At the same time, Alibaba aggressively develops the family of Qwen models, widely made available to communities and enterprises, which builds a critical mass of tools, integration and staff. In practice, this means that Tens of thousands of companies can fold their own AI “sandwiches” from Open Source blocks instead of waiting for the next closed breakthroughs.
This turn towards Open Source can also be seen in the debate in the USA. Leaders like Yann Lecun, vice president and chief scientist dealing with AI in Meta, argue that it is the open approaches that push the industry ahead the fastest.
At the level of Chinese sectors, the image is consistent. The University of Tsinghua inaugurates “AI agent hospital”, where Doctors are supported by virtual colleagues equipped with the latest medical knowledgewhich is to shorten the diagnosis time and unify the quality of clinical decisions. Local administration implements agents to service mass hotlines and classify residents' applications. In the production of work and vision systems, real time controls, a Agriculture gets consulting based on weather and soil data. Each of these examples does not require Aga – it only needs efficient agents, well -tagged data and sensible integration with the process.

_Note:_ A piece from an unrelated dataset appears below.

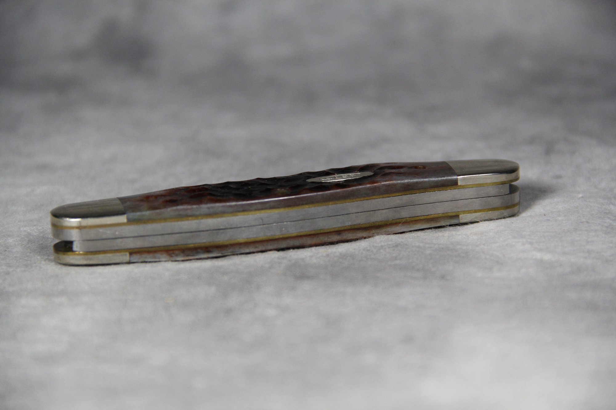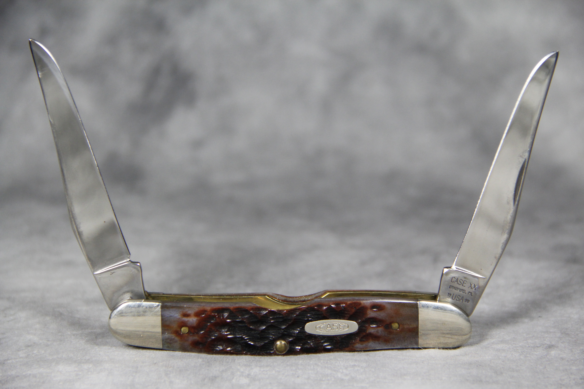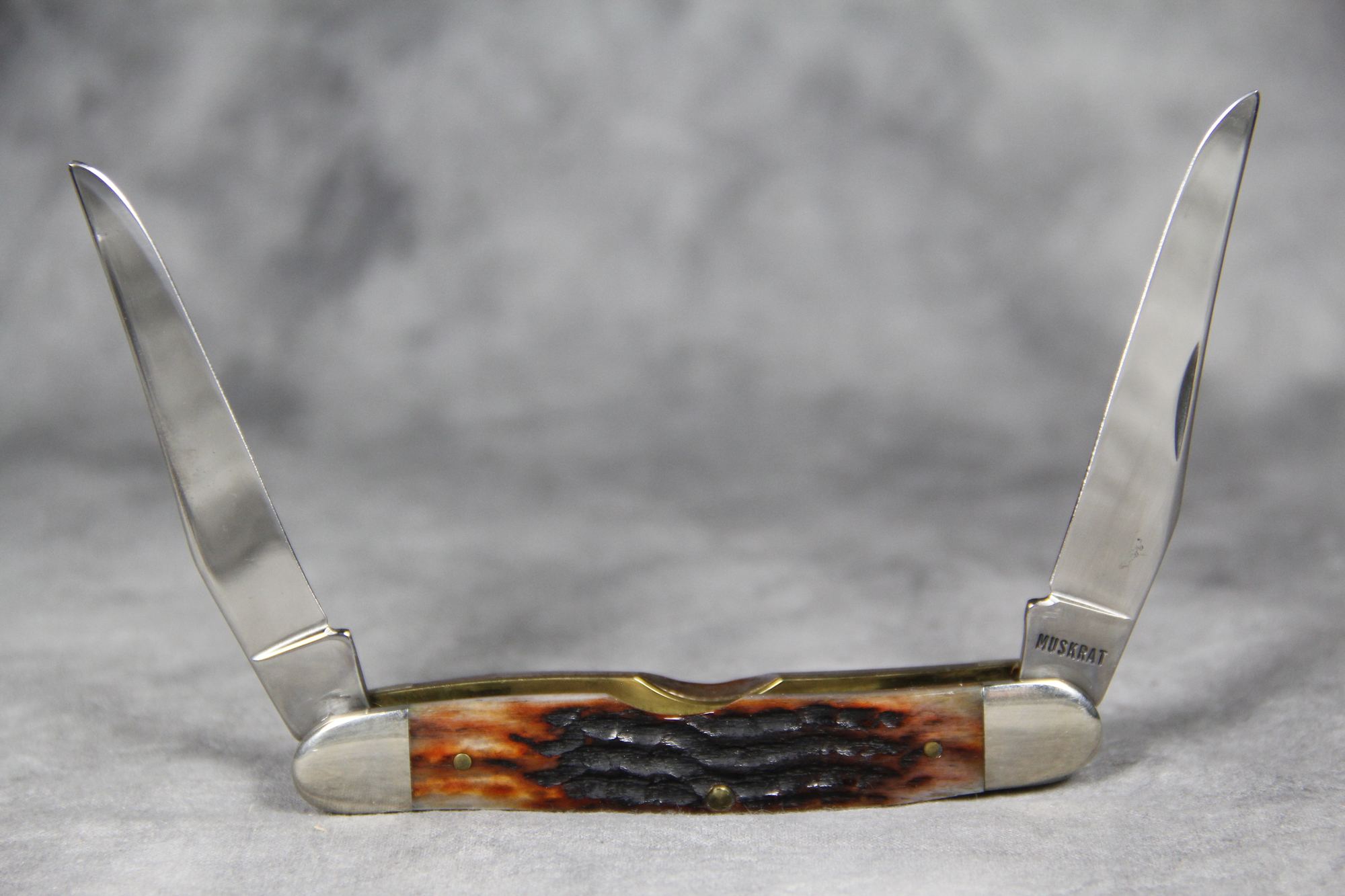 April 05, 2026 - 3-7/8 inches closed. 6-5/8 inches open. Made in USA. "CASE XX BRADFORD, PA 19 USA 90" and "MUSKRAT" tang stamps. Double Oval 'Open C' CASE shield. Jigged Bone handle. Nickel Silver bolsters. Brass liner.
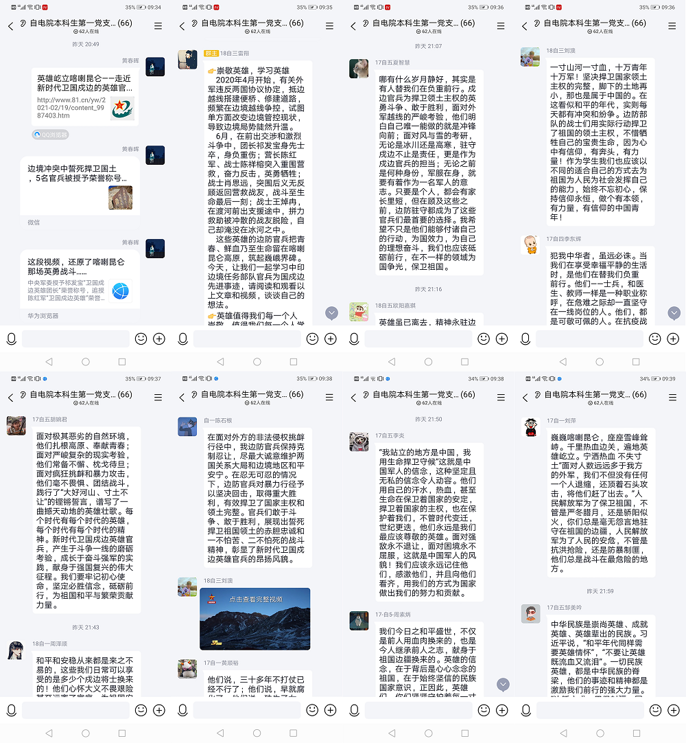 2018级自动化1班的刘澳说:“一寸山河一寸血,十万青年十万军!坚决捍卫国家领土主权的完整,脚下的土地再小,那也是属于中国的。在这看似和平的年代,实则每天都有冲突和纷争。边防部队的战士们用实际行动捍卫了祖国的领土主权,不惜牺牲自己的宝贵生命,因为心中有信仰,有奔头,有力量!作为学生我们也应该以不同的适合自己的方式去为祖国为人民为社会发挥自己的能力,始终不忘初心,保持信仰永恒,做个有本领,有力量,有信仰的中国青年!”

The strategy focused on applications “here and now” maximizes the return on capital and energy. Instead of leading the costs of training to billions of parameters and gigawatts, China widespread smaller models and agents where What counts is the cost of the user and the time you need to get business value. This philosophy allows you to learn from leaders' mistakes, take over what works, and standardize the tools in supply chains faster.
At the same time, restrictions in access to the highest shelf of chip, which are the result of American export controls, somehow force efficiency – they stimulate work on lighter, domain models and optimization of infection, and not only on training records. From the macro side, this gives a real, gradual increase in TFP (complete productivity of the factors), instead of a binary plant for the uncertain breakthrough of Aga.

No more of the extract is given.